Maurice Edwards, Special Counsel at Watts McCray Lawyers and an Accredited Family Specialist suggests that perhaps a “tweak” is all that is needed to the Family Court system rather than “a complete overhaul” as has been suggested by many others.
Mr Edwards in his interview with Zoe Durand, published in her book “Inside Family Law – Conversations from the Coalface” was asked to suggest possible reforms to the Family Court system in light of differing proposals. There is a report being carried out by the Australian Law Reform Commission due next year. Changes have already been announced by the Federal Attorney General in relation to the merging of both the Family Court and the Federal Circuit Court of Australia.

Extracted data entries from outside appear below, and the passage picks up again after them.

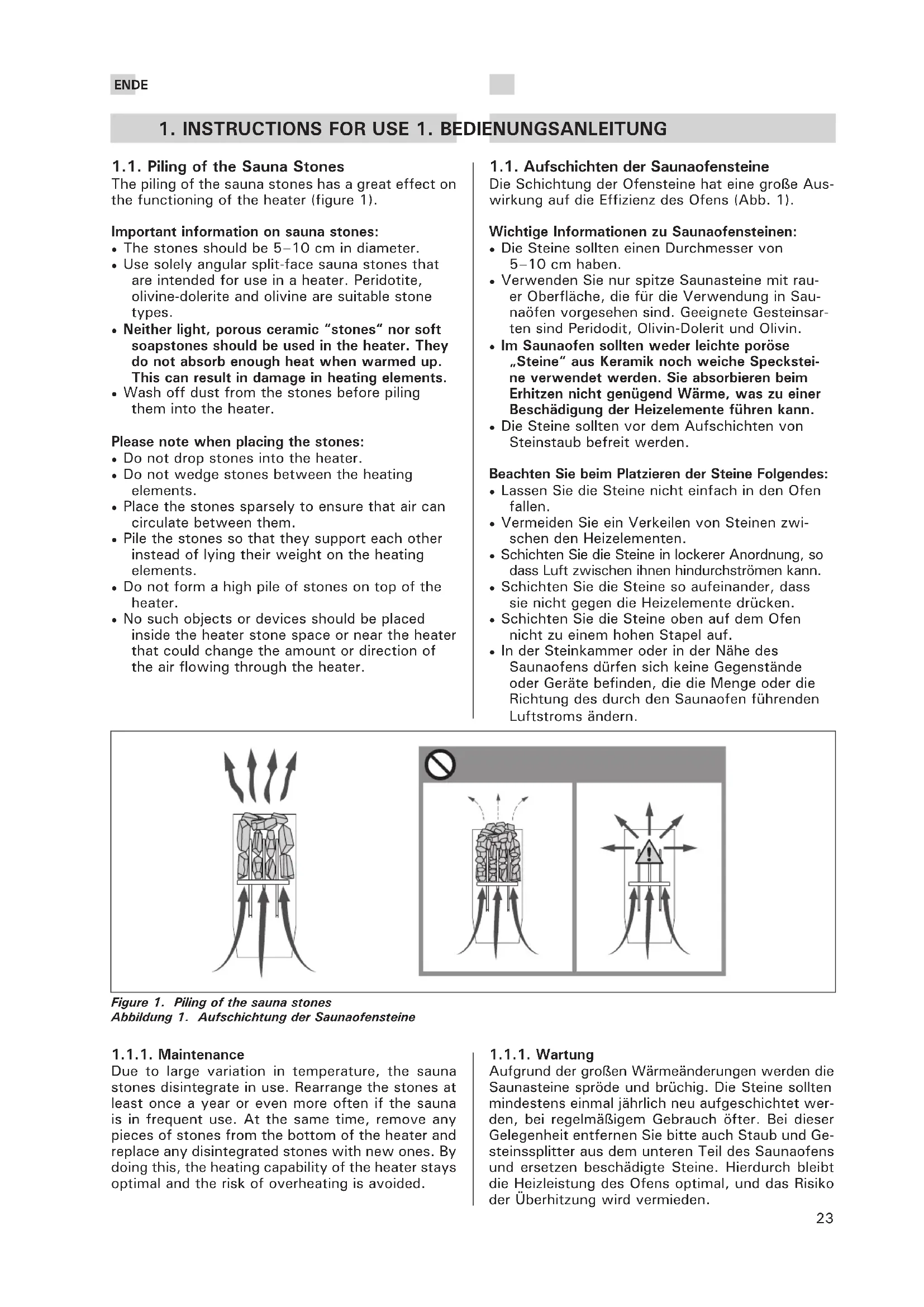 Aufgrund der großen Wärmeänderungen werden die Saunasteine spröde und brüchig. Die Steine sollten mindestens einmal jährlich neu aufgeschichtet wer- den, bei regelmäßigem Gebrauch öfter. Bei dieser Gelegenheit entfernen Sie bitte auch Staub und Ge- steinssplitter aus dem unteren Teil des Saunaofens und ersetzen beschädigte Steine. Hierdurch bleibt die Heizleistung des Ofens optimal, und das Risiko der Überhitzung wird vermieden.EN DE
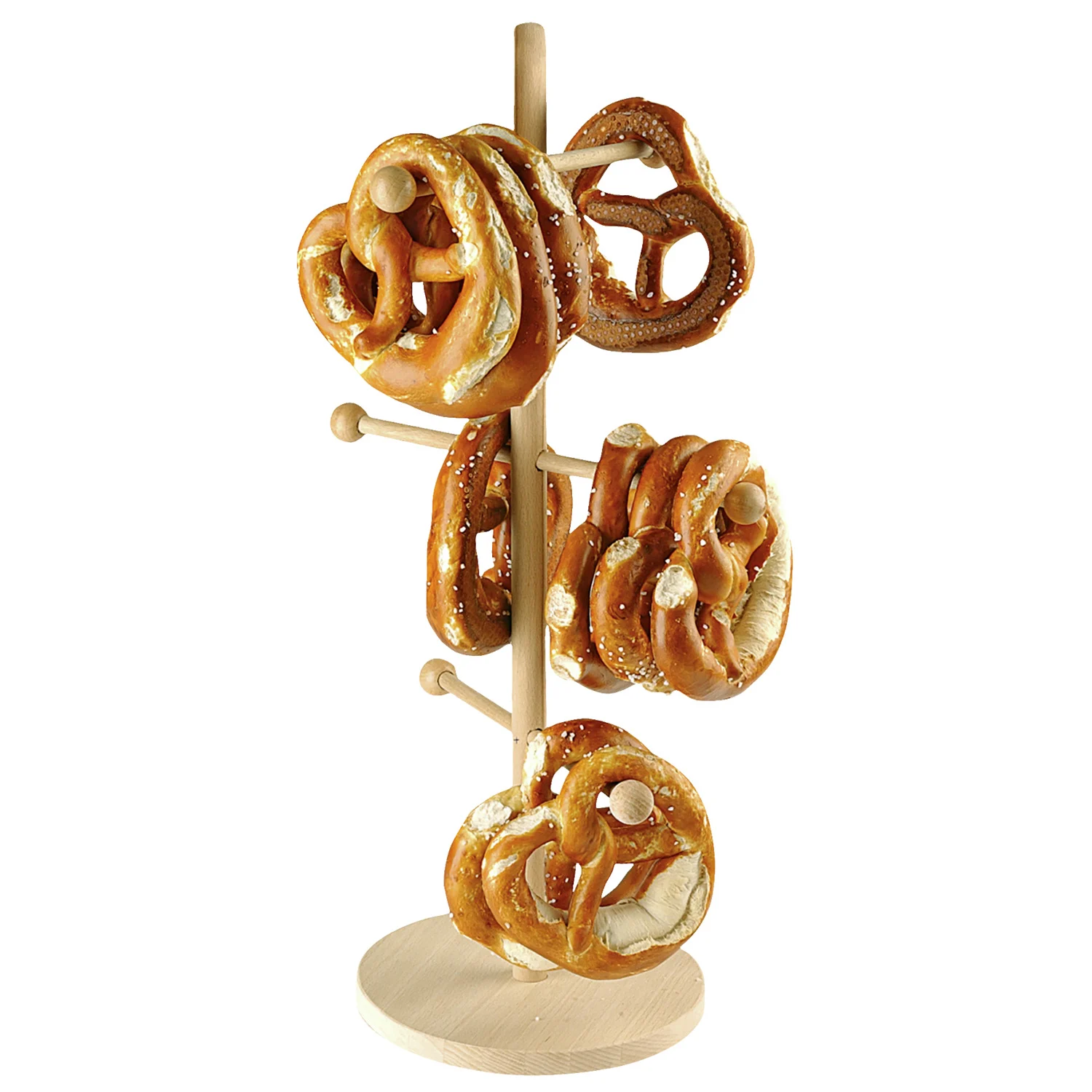 Brezelständer aus lackiertem Buchenholz. Für mindestens 16 Brezeln oder 16 Paar Würste. Einfache Selbstmontage. Handreinigung empfohlen.
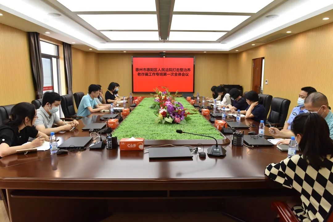惠阳区法院高度重视打击整治养老诈骗专项行动,第一时间制定打击整治养老诈骗专项行动实施方案,成立以党组成员、副院长为组长、各部门精兵强将为成员的养老诈骗专项行动专班,抽调经验丰富的刑事法官组建专门合议庭,确保统筹调度有专班、案件审理有专人,力促全院形成上下贯通、左右联动、运转高效的工作体系。专班成立后,先后多次传达学习上级关于打击整治养老诈骗的文件精神,确保专班成员统一思想认识,提高政治站位,充分认识到打击整治养老诈骗的必要性及紧迫性。
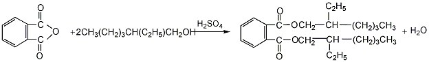 3.間歇法 常壓下進行酯化反應,反應產(chǎn)物經(jīng)中和、水洗、減壓蒸餾,回收醇后脫色、壓濾,即得成品。其工藝條件如下:原料配比為苯酐∶辛醇=1∶2(質(zhì)量),催化劑量為總物料量的0.25%~0.3%(質(zhì)量),酯化時加入的活性炭為總物料量的0.1%~0.3%(質(zhì)量);酯化溫度150℃,酯化時間約為3h。粗酯洗滌的熱水溫度為80~85℃;蒸餾回收辛醇的溫度130~140℃,塔內(nèi)殘壓不高于93.31kPa;粗酯閃點要達190℃以上。生產(chǎn)優(yōu)級品,需將脫醇后的粗酯進行蒸餾,而后壓濾。酯化反應式如
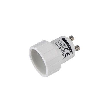 Переходник цокольный GU-10 на Е-14 REXANT применяется при переходе от электрических ламп с цоколем GU10, к электрическим лампам с цоколем Е14. Товар распространен в сфере строительства, при монтажных работах и в быту, когда нужно заменить один тип цоколя лампы на другой. Резьбовая система быстрого соединения электрических ламп обеспечивает надежный контакт.
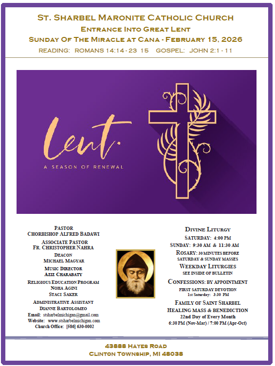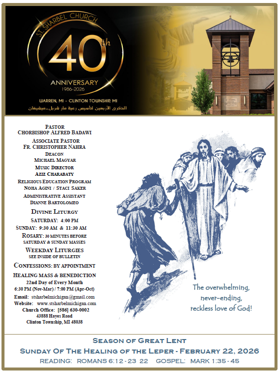 We invite you to join us for our next Healing Mass on February 22, 2026 at 6:30 PM. During this liturgy, we will pray for Saint Sharbel to intercede for our intentions, and everyone present will receive a special blessing with Saint Sharbel oil. Special intentions will be prayed for world peace and the Sanctity of Life. We hope that you will be able to join us!
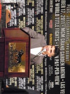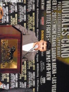 9月17日(日本時間18日)、米国ネバダ州ラスベガスのMGMグランドガーデン・アリーナで拳を交えたビクター・オルティス(米)、フロイド・メイウェザー(米)が試合後、メディアセンターで記者会見を行った。
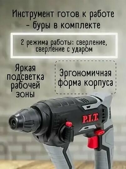 Аккумуляторный бесщеточный перфоратор P.I.T. PBH20H-22A, 20 В, 1.5 Дж, 5000 ударов
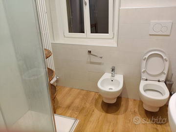 Bell'appartamento recente ristrutturazione in condominio tranquillo con giardino. Doppi servizi, lavatrici, frigoriferi entrambi con freezer. Balcone su giardino condominiale. Spese forfettarie 120 comprensive di tutto: riscaldamento, utenze, wifi, ecc. Nessuna spesa di allacciamenti ad utenze né conguagli: questo fa la differenza rispetto a molte altre proposte per cui le spese sono imprevedibili con allacciamenti a carico degli inquilini. Importo indicato per un contratto di durata annuale.
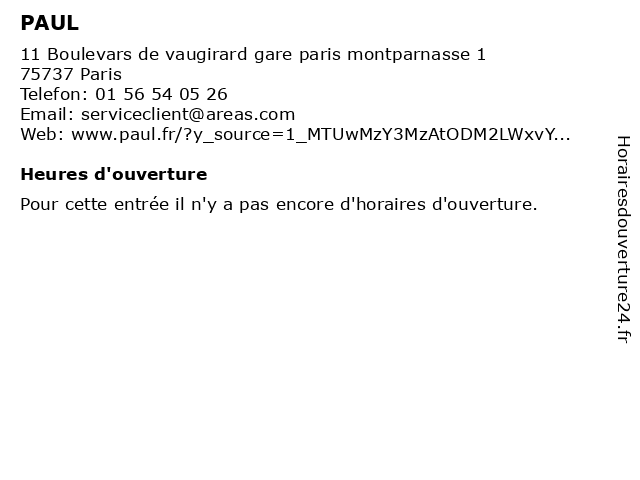 1 PAUL (Distance: 0,08 km) Gare montparnasse, 75015 Paris café, paul, restaurant à emporter, restaurants, snack 2 Paul (Distance: 3,38 km) . Place du 11 novembre 1918, 75010 Paris cafe, chaussures, enfants, homme, lingerie, mode femme, paul, restaurant, service, shopping 3 PAUL (Distance: 3,61 km) 41 Boulevard Malesherbes, 75008 Paris boulangeries, boutique de desserts, café, paul, restaurant à emporter 4 Paul (Distance: 3,84 km) . Place Louis Armand, 75517 Paris cafe, care, chaussures, enfants, homme, lingerie, mode femme, paul, restaurant, service, shopping 5 PAUL (Distance: 3,84 km) 193 Rue De Bercy, 75012 Paris boulangeries, boutique de desserts, café, paul, restaurant à emporter 6 PAUL (Distance: 3,86 km) 1 Cour de Rome, 75008 Paris alimentation, beauté & sante, culture & loisirs, enfants, high-tech, maison & déco, mode, paul, restaurants |
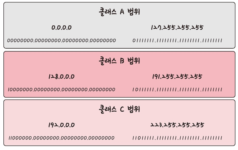 예를 들어 클래스 A는 0.0.0.0부터 127.255.255.255까지 범위를 갖는다.
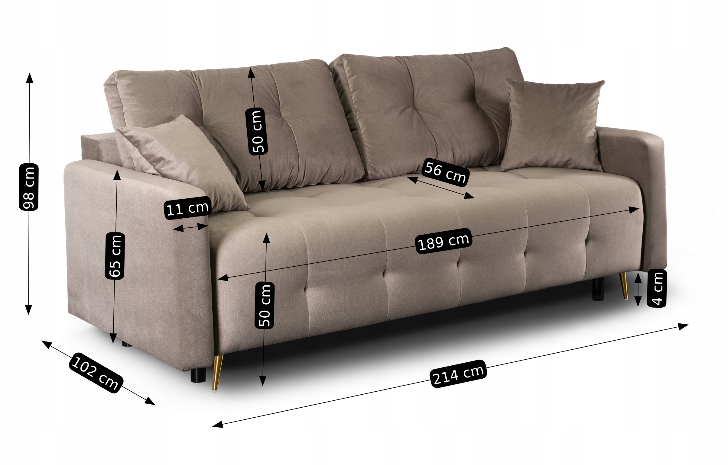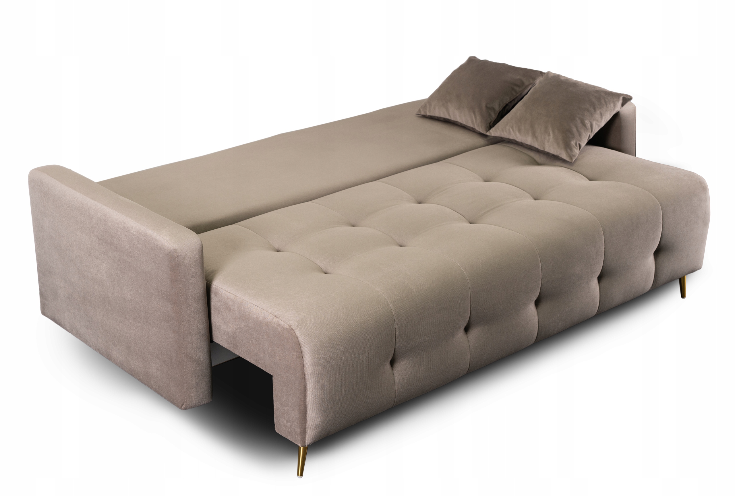 Jedną z głównych zalet kanapy jest funkcja spania, która pozwala na szybkie przekształcenie jej w przestronne łóżko o wymiarach 190x150 cm.

Mr Edwards in his interview titled “Justice Delayed is Justice Denied” suggests a few simple proposals to further utilise alternate dispute resolution options to “tweak” the system. His suggestions include:
- Further encouraging Judges in all registries of the Court to refer appropriate parenting and property disputes to accredited and experienced mediators.
- Considering the requirement for the compulsory mediation of property disputes prior to the commencement of legal proceedings, similar to the current provisions that require prior compulsory mediation of parenting disputes.
- Encouraging Judges in all registries of the Court to refer suitable simple property matters to experienced and accredited arbitrators for arbitration, as is now occurring in the Federal Circuit Court in the Parramatta Registry.
- Considering a change to the legislation to allow simple parenting matters to also be arbitrated. Parenting disputes such as, whether children should spend an additional night with one of the parties, where or when a changeover is to occur, whether overseas travel should be allowed and what school the children should attend, could all be matters able to be determined by qualified arbitrators.
- Considering a change to the appeal process of an arbitrator’s award to allow Judges to mandate arbitrations in simple matters rather than the current position whereby the parties need to agree to an arbitration of their case.
Mr Edwards opines that the implementation of these measures would potentially significantly reduce the workload of Judges and reduce delays in decisions. An Arbitration can often be conducted within 3 months. Current delays for a final hearing in Court often exceed 3 years.
Mr Edwards says that the greatest problem with the Family Court system at the moment is delay and that if the delay in achieving an outcome can be reduced by some simple “tweaking” then an “overhaul of the system” may not be necessary. Further, these suggested changes could come at no additional cost to the tax payer as opposed to other options being proposed.